Project: emacs fractal zoomer
2 minutes read | 253 wordsI have several (really, a lot) of programs to compute different images for my article, amusement, anything. And all of them require a change-and-try approach for zooming. The first I wrote needed to be finished quickly… so I just hard-coded in the source the parameters. And this program turned to be the basis for all others… And now each zoom requires some calculations and recompile.
A time ago I decided to do something about it. I wanted something to interact with my programs, as
- they are already written,
- most of them use pvm to work using 2 (or more) cores,
- I want it cross-platform.
To the cross-platform part… I thought about a purely programming thing: either Tcl/Tk, maybe Glade, or use some Tcl bindings for Lisp and an interactor in pure Lisp, to a kind of web app… All seemed too cumbersome, or strange. And then it dawned on me: emacs.
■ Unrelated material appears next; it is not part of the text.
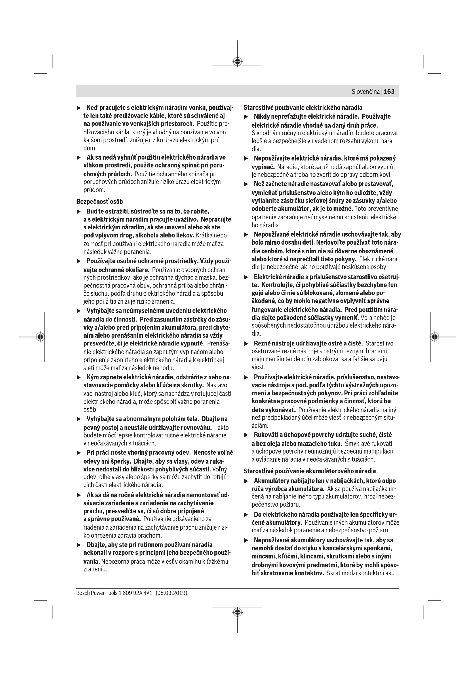 22CF | 23 | 29CF | 30 Tenkou čepelí šroubováku, špachtlí nebo podobným nástrojem stiskněte označovací kroužek (17). Kleštěmi na pojistné kroužky posuňte pojistný kroužek (33) na krytu dozadu. Obě poloviny držáku LED (16), které obepínají LED pracovní světlo (18) lze nyní nastavit do jakékoli požadované polohy. Dbejte na to, abyste nepoškodili kabel LED pracovního světla, aaniž byste ho zalomili, zasuňte ho do určené dutiny (34) vkrytu. LED pracovní světlo (18) znovu uzavřete oběma polovinami krytu držáku LED (16). Pojistný kroužek (33) aoznačovací kroužek (17) zatlačte zpět do původní polohy. Údržba aservis Údržba ačištění u Před každou prací na elektronářadí (např. údržba, výměna nástrojů) apři jeho přepravě auskladnění vyjměte akumulátor. Při neúmyslném stisknutí vypínače hrozí nebezpečí poranění. u Udržujte elektronářadí avětrací otvory čisté, aby pracovalo dobře abezpečně. Mazání elektronářadí Mazivo: speciální převodový tuk (225ml) číslo zboží 3 605 430 009 tuk Molykote motorový olej SAE 10/SAE 20 – Po prvních 150provozních hodinách vyčistěte převodovku pomocí jemného rozpouštědla. Řiďte se pokyny výrobce rozpouštědla kpoužití alikvidaci. Poté převodovku namažte speciálním převodovým tukem Bosch. Proces čištění opakujte pokaždé po 300provozních hodinách od prvního vyčištění. – Pohyblivé díly rozpojovací spojky namažte po 100000 šroubováních několika kapkami motorového oleje SAE10/ SAE20. Kluzné aotočné díly namažte tukem Molykote. Při této příležitosti zkontrolujte, zda spojka není opotřebená, aby bylo zajištěno, že není ovlivněna Bosch Power Tools 1 609 92A 4V1 | (05.03.2019)162 | Slovenčina opakovatelnost apřesnost. Poté se musí znovu nastavit krouticí moment spojky. u Údržbou aopravami pověřujte pouze kvalifikované odborné pracovníky. Tím bude zajištěno, že zůstane zachovaná bezpečnost elektronářadí. Autorizované servisní středisko Bosch provádí tyto práce rychle aspolehlivě. u Mazací ačisticí látky ekologicky zlikvidujte. Dodržujte zákonné předpisy. Zákaznická služba aporadenství ohledně použití Zákaznická služba zodpoví vaše dotazy kopravě aúdržbě vašeho výrobku atéž knáhradním dílům. Rozkladové výkresy ainformace onáhradních dílech najdete také na: www.bosch-pt.com Vpřípadě dotazů knašim výrobkům apříslušenství vám ochotně pomůže poradenský tým Bosch. Vpřípadě veškerých otázek aobjednávek náhradních dílů bezpodmínečně uveďte 10místné věcné číslo podle typového štítku výrobku. Czech Republic Robert Bosch odbytová s.r.o. Bosch Service Center PT K Vápence 1621/16 692 01 Mikulov Na www.bosch-pt.cz si si můžete objednat opravu Vašeho stroje nebo náhradní díly online. Tel.: +420 519 305700 Fax: +420 519 305705 E-Mail: servis.naradi@cz.bosch.com www.bosch.cz Likvidace Elektronářadí, akumulátory, příslušenství aobaly se musí odevzdat kekologické recyklaci. Elektronářadí aakumulátory/baterie nevyhazujte do domovního odpadu! Pouze pro zeměEU: Podle evropské směrnice 2012/19/EU se musí již nepoužitelné elektronářadí apodle evropské směrnice 2006/66/ES vadné nebo opotřebované akumulátory/ baterie shromažďovat odděleně aodevzdat kekologické recyklaci. Akumulátory/baterie: Ni-Cd: nikl-kadmiové Pozor: Tyto akumulátory obsahují kadmium, vysoce jedovatý těžký kov. Ni-MH: nikl-metal hydridové Slovenčina Bezpečnostné upozornenia Všeobecné bezpečnostné upozornenia pre elektrické náradie VÝSTRAHA Prečítajte si všetky bezpečnostné upozornenia, pokyny, ilustrácie ašpecifikácie dodané stýmto elektrickým náradím. Nedodržiavanie všetkých uvedených pokynov môže mať za následok úraz elektrickým prúdom, požiar a/alebo ťažké poranenie. Tieto výstražné upozornenia abezpečnostné pokyny starostlivo uschovajte na budúce použitie. Pojem „elektrické náradie“ používaný vnasledujúcom texte sa vzťahuje na elektrické náradie napájané zo siete (sprívod- nou šnúrou) ana elektrické náradie napájané akumulátoro- vou batériou (bez prívodnej šnúry). Bezpečnosť na pracovisku u Pracovisko vždy udržiavajte čisté adobre osvetlené. Neporiadok aneosvetlené priestory pracoviska môžu mať za následok pracovné úrazy. u Nepoužívajte elektrické náradie vo výbušnom pro- stredí, napr. tam, kde sa nachádzajú horľavé kvapali- ny, plyny alebo horľavý prach. Ručné elektrické náradie vytvára iskry, ktoré by mohli zapáliť prach alebo výpary. u Nedovoľte deťom ainým nepovolaným osobám, aby sa počas používania elektrického náradia zdržiavali vblízkosti pracoviska. Pri rozptyľovaní môžete stratiť kontrolu nad náradím. Bezpečnosť – elektrina u Zástrčka prívodnej šnúry elektrického náradia musí zodpovedať použitej zásuvke. Vžiadnom prípade nija- ko nemeňte zástrčku. Suzemneným elektrickým náradím nepoužívajte ani žiadne zástrčkové adapté- ry. Neupravované zástrčky avhodné zásuvky znižujú rizi- ko úrazu elektrickým prúdom. u Vyhýbajte sa telesnému kontaktu suzemnenými povr- chovými plochami, ako sú napr. potrubia, vykurovacie telesá, sporáky achladničky. Ak je vaše telo uzemnené, hrozí zvýšené riziko úrazu elektrickým prúdom. u Nevystavujte elektrické náradie dažďu ani vlhkosti. Vniknutie vody do ručného elektrického náradia zvyšuje riziko úrazu elektrickým prúdom. u Nepoužívajte prívodnú šnúru na iné než určené účely: na nosenie ručného elektrického náradia, ani na jeho zavesenie azástrčku nevyberajte zo zásuvky ťahaním za prívodnú šnúru. Udržiavajte sieťovú šnúru mimo dosahu horúcich telies, oleja, ostrých hrán alebo po- hybujúcich sa súčastí. Poškodené alebo zauzlené prí

Emacs can open images, has a full blown lisp dialect, can interact with those images… with the mouse… Here is what the beta does.
Drag and drop and zoom!
Load the image, and after a “drag and drop” on it, it is assumed you want to zoom that “square” (from edge to edge, turning it into a square). And reloads in the same buffer. Of course, the full-blown project is much much more exciting, with more options and what-not. But I have little time, and programming for work and programming for enjoyment is hard to combine.